After considering Stable Baselines, Tensorflow Agents, and others, I landed in TensorForce, because it seemed approachable and had good documentation.

To my surprise, it showed some improvement! After around 8 hours of training, the bot was beating the RandomPlayer 80% of the time. But then it would face a dip in the learning graph, and in general, this was still pretty far from the ValueFunctionPlayer.

Tensorforce Results: The left is reward over time (1 for winning, -1 for losing, 0 otherwise). The right is episode length. Strong players finish games in around ~100 turns.

Maybe I am just inpatient and this just need to be run for a longer time.

Attempt #5: Alpha Beta Search

The last tool in the arsenal was to try and add “search” to the ValueFunctionPlayer. There was only one slight modification that I did to the standard Alpha-Beta Pruning algorithm, which was to take the expected value of the children when propagating values up the tree. This was to account the uncertainty in dice rolls, buying development cards, and stealing.

It showed some improvement. This AlphaBetaPlayer, with depth=2, increased the performance of ValueFunctionPlayer but only slightly. Here are the results:

AlphaBetaPlayer improves on ValueFunctionPlayer but only slightly.

Curiously, increasing the search to 3-layers deep made the bot play worse than when searching 2-layers deep. I think its either a bug in the implementation or maybe looking too much ahead makes the bot go frequently towards high-risk-high-reward plays that don’t pan out.

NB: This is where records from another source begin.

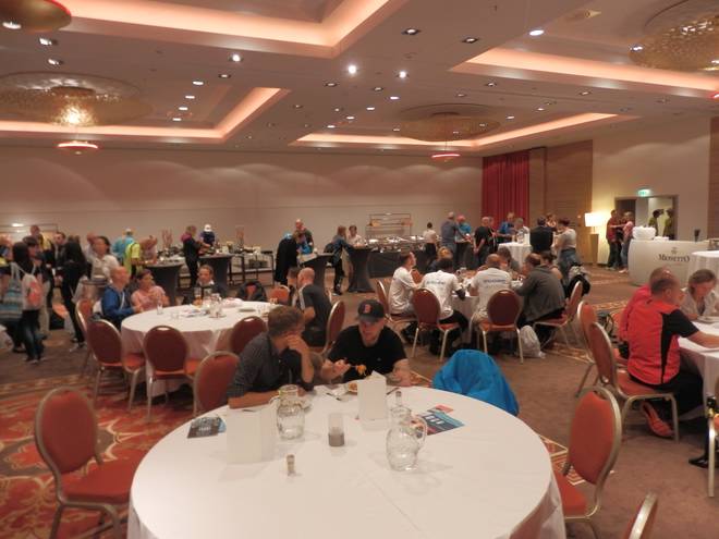 Hotel H2 am Alexanderplatz 19.00 Uhr Nach dem Briefing ging es weiter zum 100 Meilen Buffet (der Pasta-Party). Für 100 Meilen war das sehr übersichtlich. Aber für eine solche Distanz kann man eh nicht im voraus essen. |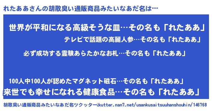 | 恥ずかしいあだ名 | 『プリティーれたああ』『れたっちょ』 |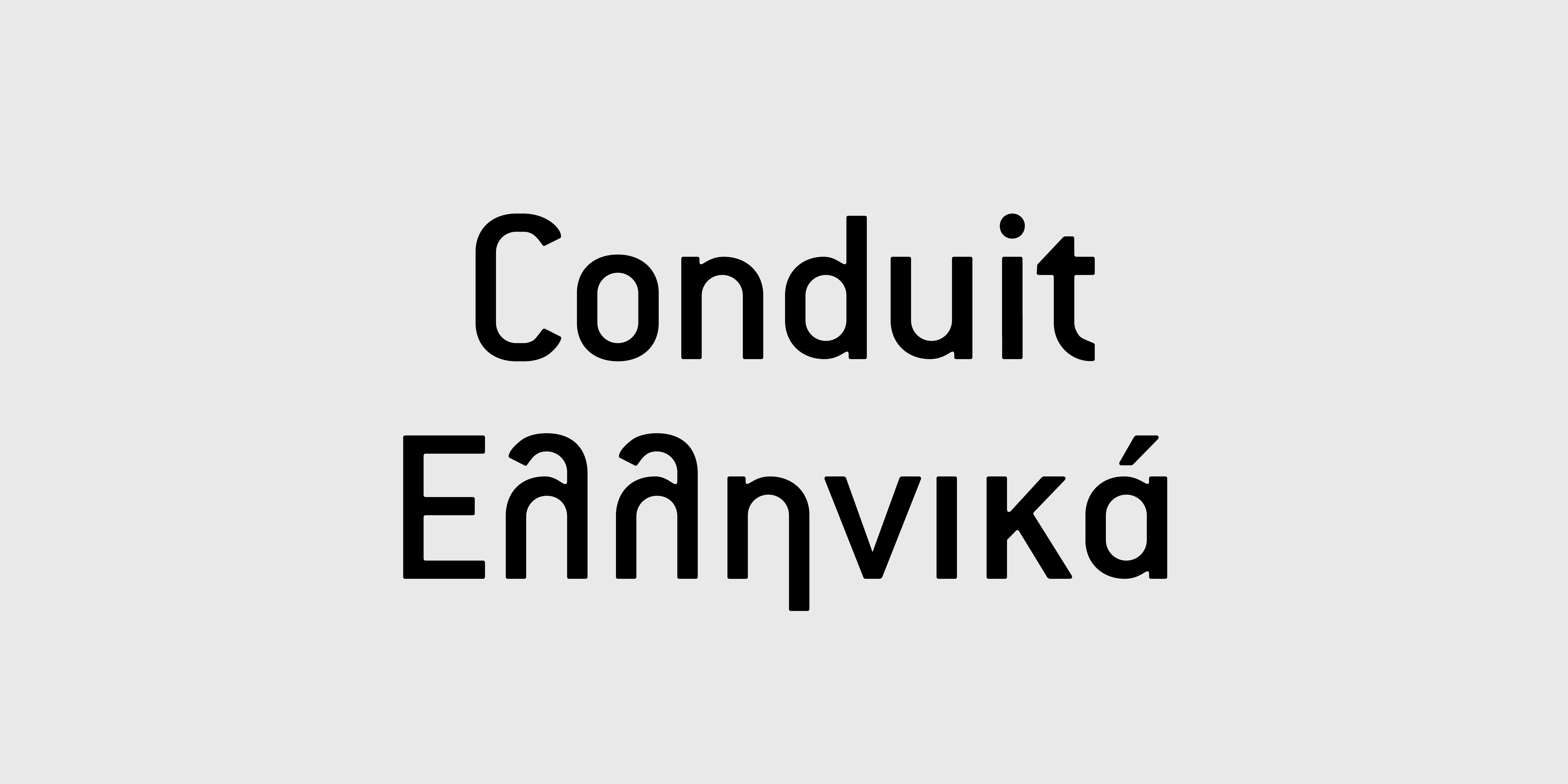 Βασισμένη σε γράμματα επιγραφών φτιαγμένων από ερασιτέχνες. Ο σχεδιαστής πήρε τις απλές αλλά παράξενες φόρμες γραμμάτων και προσέθεσε την εμπειρία του πάνω στο σχέδιο και τις αναλογίες παραβιάζοντας στην πορεία σχεδόν όλους τους κανόνες. Οι φόρμες των γραμμάτων σχεδιάστηκαν με βάση έναν κάνναβο με όλες τις άκρες και τις γωνίες στρογγυλεμένες. Μετά από λίγες οπτικές διορθώσεις δημιουργήθηκε η ITC Conduit, μια σχετικά στενή, τετράγωνη και σαφώς αναγνώσιμη ισόπαχη γραμματοσειρά. Σχεδιαστής Mark Van Bronkhorst, Ελληνική έκδοση Δημήτρης Αρβανίτης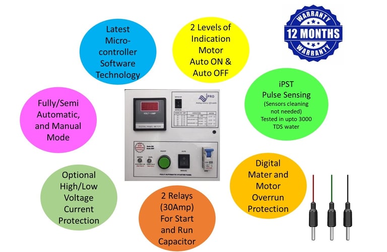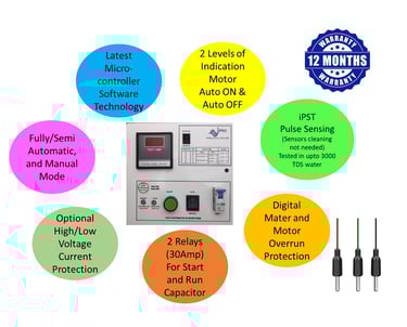 Automatic Starter Panel (Model -ASP) is fully Automatic Starter Panel for Single Phase Submersible Pump. It is based on latest microcontroller technology with pulse sensing technique (sensor cleaning not required). Available for 1HP, 1.5HP and 2HP Submersible Pumps.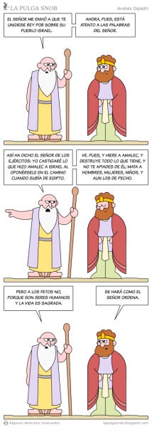 —El Señor me envió a que te ungiese por rey sobre su pueblo Israel; ahora, pues, está atento a las palabras de Jehová. Así ha dicho el Señor de los ejércitos: Yo castigaré lo que hizo Amalec a Israel al oponérsele en el camino cuando subía de Egipto. Ve, pues, y hiere a Amalec, y destruye todo lo que tiene, y no te apiades de él; mata a hombres, mujeres, niños, y aun los de pecho. Pero a los fetos no, porque son seres humanos y la vida es sagrada.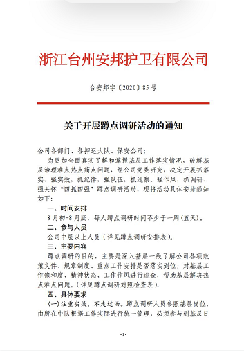 公司党委班子和全体中层干部将按照蹲点调研工作安排,分批到各中队、服务点开展为期一周的深入蹲点调研,与一线员工同安排、同作息、同工作,范围覆盖基层工作各个工作场景。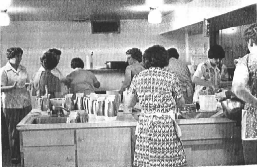 Working for the Pancake Supper - 1977 There are also annual functions such as serving the mission fest dinners or lunches. There is a Christmas party when visitors and/or spouses are asked to celebrate with us. A gift of money is sent to a charity such as Bethesda Lutheran Home, American Bible Society, Lutheran Children’s Friend’s Society or The Lutheran Hour. A clothing drive is also held in the fall and occasionally a quilting day or two is held for World Relief. This is done in cooperation with the LWML group. Last year 15 quilts and 13 layettes were sent. Other services rendered are lunches or dinners served for ordination, dedications, funerals, installation receptions and any other special occasions. Gifts of food, money, and clothes were sent to Europe during the war period. Relief was given to a family who were victims of a tornado. Activities that we have had include trips to Bethesda Lutheran Home in Watertown, Wisconsin, Northern Colony near Eau Claire, participation in a few World Day of Prayer services held in local churches. We also had the pleasure of veiwing slides of Canada where Pastor Klein has been serving. A display of tracts and literature put out by the American Bible Society was put out at the Spencer Centennial and is now kept in the narthex for anyone who desires to help themselves. Notes of interest are several. The first meetings were, of course, in the German language until 1933. Then a mixture of German and English until 1936. The meetings were held in homes and at the church, whichever the hostess preferred until sometime between 1936 - 1940. Sugar and coffee ration cards were sent for in 1942. Two pounds per month of sugar was our quota. Prices set for dinners served were subject to some inflation as the rest of our economy has been. In 1941 25 cents and 15 cents, in 1961 25 cents per plate if the food was supplied, if not the price was $1.50. It increased to $2.50 in 1970 and to $3.00 in 1976. One Mother-Daughter banquet was held in 1963. A father-son banquet was held the next year. The constitution was revised, in 1960 and 1976. One surprise baby shower was given for a pastor and his wife, in 1974. The fortieth anniversary was celebrated with a service and then a chicken dinner was served. All members were asked to donate and the Aid prepared and served the meal. At the 75th anniversary they had 2 special meals and sold anniversary plates. The Aid usually had some kind of welcoming shower or gift for a newly arriving pastor and his family. Pastor Ruhbusch served as a vacancy pastor 1968 - 1969 serving also the Aid. The flower beds beside the church entrance until the new addition was built on in 1961 was the responsibility of the Aid. The Aid was part of a committee to take care of the landscaping around the new building. As this interested person went through the records to prepare this report she was amazed at what has been accomplished through this organization. I hope every person who has ever wondered what purpose or gain can be accomplished in being a member will read very carefully. It wasn’t just one group that accomplished all this but several people over many years. It’s not to be a glory seeking group but to serve. And that is what the Aid has done. The purpose of going into some lenghth of the services rendered was not to brag but to be somewhat of a messenger to those who wonder how they can serve in their church. I feel it is quite apparent that our church would not be quite as blessed as it has been these 100 years had it not been for these many dedicated members of the Ladies Aid Society.
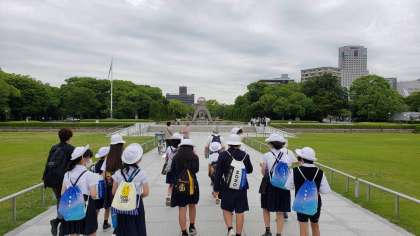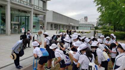 平和記念公園で、フィールドワークが始まりました。いろいろな碑を見てまわります。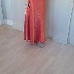 Elegant balklänning i en livfull nyans. Klänningen har en axelbandslös design med en vackert utsmyckad överdel med paljetter och pärlor. Midjan markeras av ett matchande band som knyts baktill. Kjolen faller i en A-linjeform och ger ett graciöst intryck.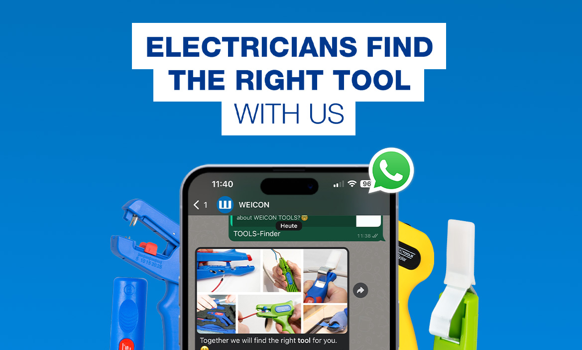 Vous souhaitez nous contacter à tout moment et partout, nous envoyer des photos de votre application ou utiliser le TOOLS-Finder de WEICON ? Vous avez des questions sur nos produits, vous cherchez rapidement l'interlocuteur adéquat ou vous souhaitez commander facilement par WhatsApp ? Nous avons rendu tout cela possible pour vous ! Utilisez notre service WhatsApp ou abonnez-vous à notre newsletter WhatsApp ou à notre nouveau canal WhatsApp.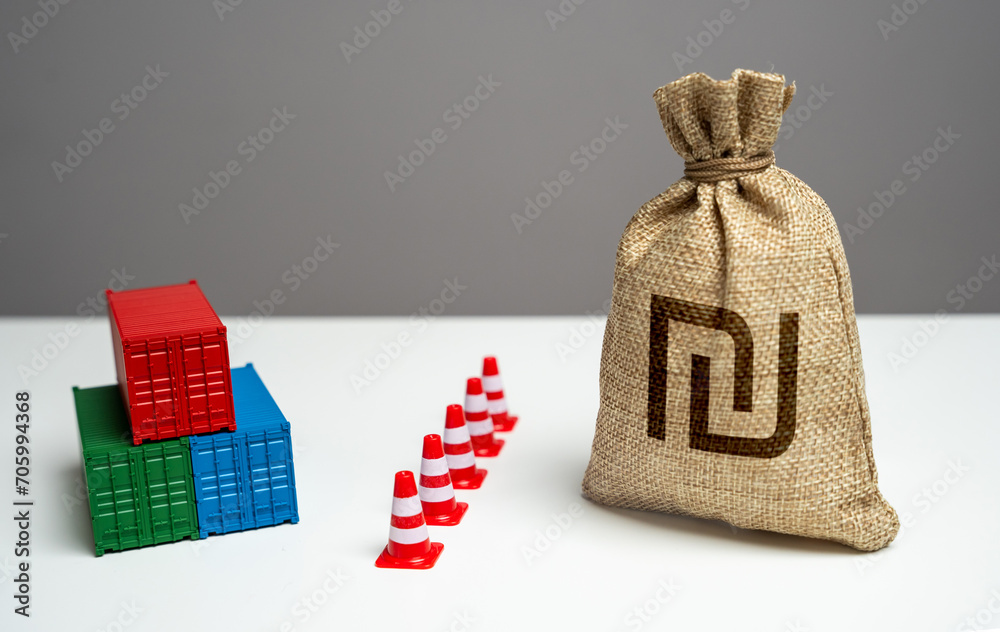 Shipping containers with goods and Israeli shekel money bag are separated by a barrier. Break a trade deal. Economic sanctions. Difficulties in maritime trade. Naval blockade. Logistics difficulties

This bot plays pretty well, but is definitely not superhuman and it suffers a lack of long-term planning (e.g. it plays monopolies promptly).

Conclusion

Although we didn’t see superhuman play, this last approach showed strong play and it looks ripe to be incrementally improved. It’s also particularly promising because this is how at a high-level the classical version of the Stockfish Chess Engine played, and it was superhuman (after many open-source contributions).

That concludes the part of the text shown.